**Action item:**
Take the lines below beginning at the line that has "Hvar, stolnica, gotički pektoral" and stopping after the line that has "U svojoj oporuci", and print them exactly as they are, with no other lines.

**Task input:**
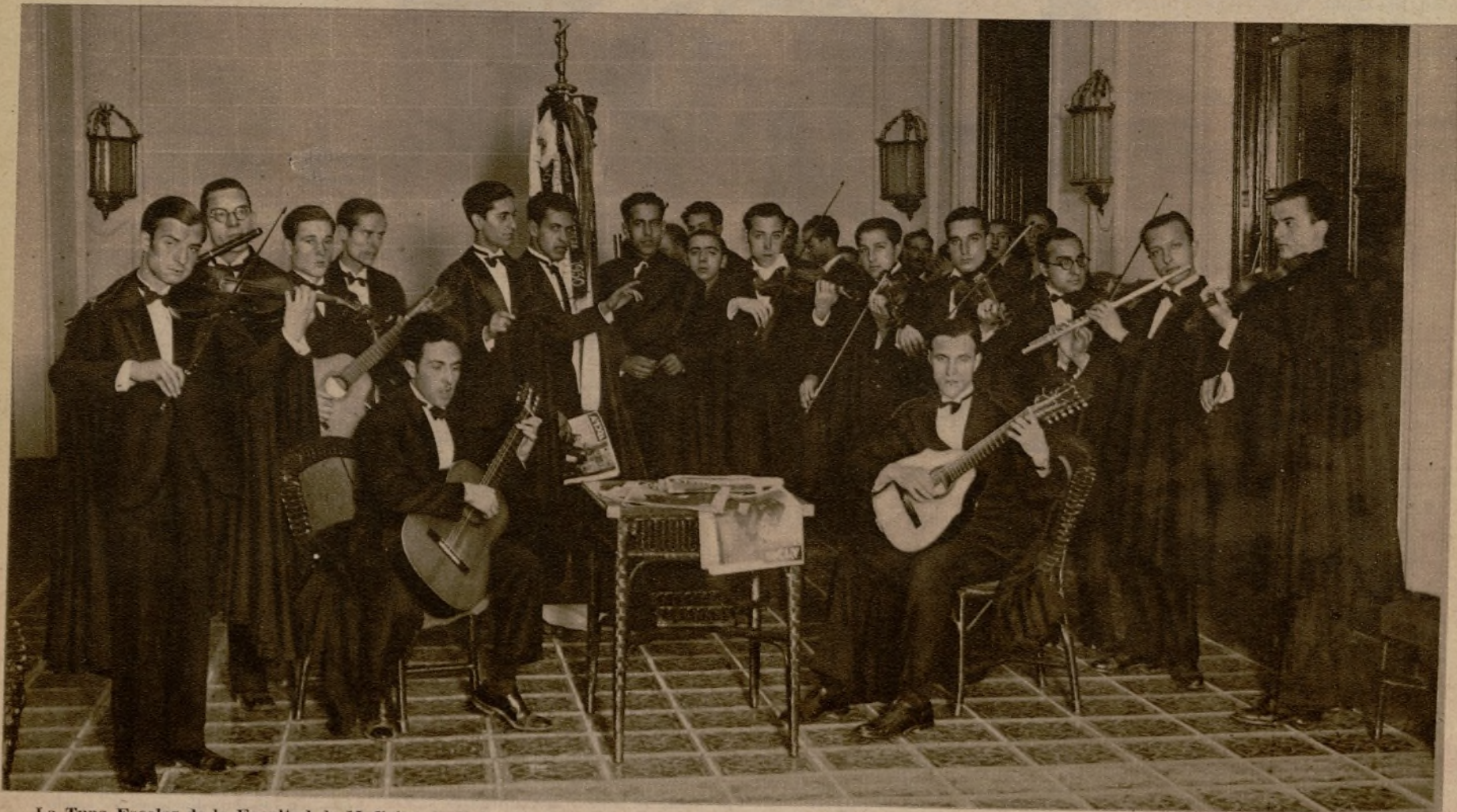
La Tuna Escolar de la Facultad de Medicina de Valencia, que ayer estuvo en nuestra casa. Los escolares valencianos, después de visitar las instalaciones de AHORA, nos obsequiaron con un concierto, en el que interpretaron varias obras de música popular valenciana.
--
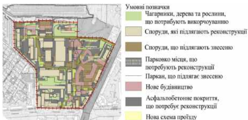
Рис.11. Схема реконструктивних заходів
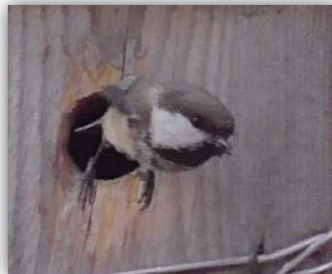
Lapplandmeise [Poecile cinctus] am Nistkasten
==
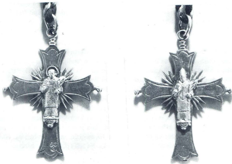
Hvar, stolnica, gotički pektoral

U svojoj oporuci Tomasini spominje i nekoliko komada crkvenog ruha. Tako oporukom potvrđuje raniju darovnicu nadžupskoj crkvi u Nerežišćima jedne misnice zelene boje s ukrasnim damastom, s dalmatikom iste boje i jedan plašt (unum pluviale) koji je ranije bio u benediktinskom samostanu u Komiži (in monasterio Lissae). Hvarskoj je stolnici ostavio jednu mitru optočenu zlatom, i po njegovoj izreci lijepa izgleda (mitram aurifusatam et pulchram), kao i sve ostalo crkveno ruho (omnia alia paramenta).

**Solution for this problem:**
Hvar, stolnica, gotički pektoral

U svojoj oporuci Tomasini spominje i nekoliko komada crkvenog ruha. Tako oporukom potvrđuje raniju darovnicu nadžupskoj crkvi u Nerežišćima jedne misnice zelene boje s ukrasnim damastom, s dalmatikom iste boje i jedan plašt (unum pluviale) koji je ranije bio u benediktinskom samostanu u Komiži (in monasterio Lissae). Hvarskoj je stolnici ostavio jednu mitru optočenu zlatom, i po njegovoj izreci lijepa izgleda (mitram aurifusatam et pulchram), kao i sve ostalo crkveno ruho (omnia alia paramenta).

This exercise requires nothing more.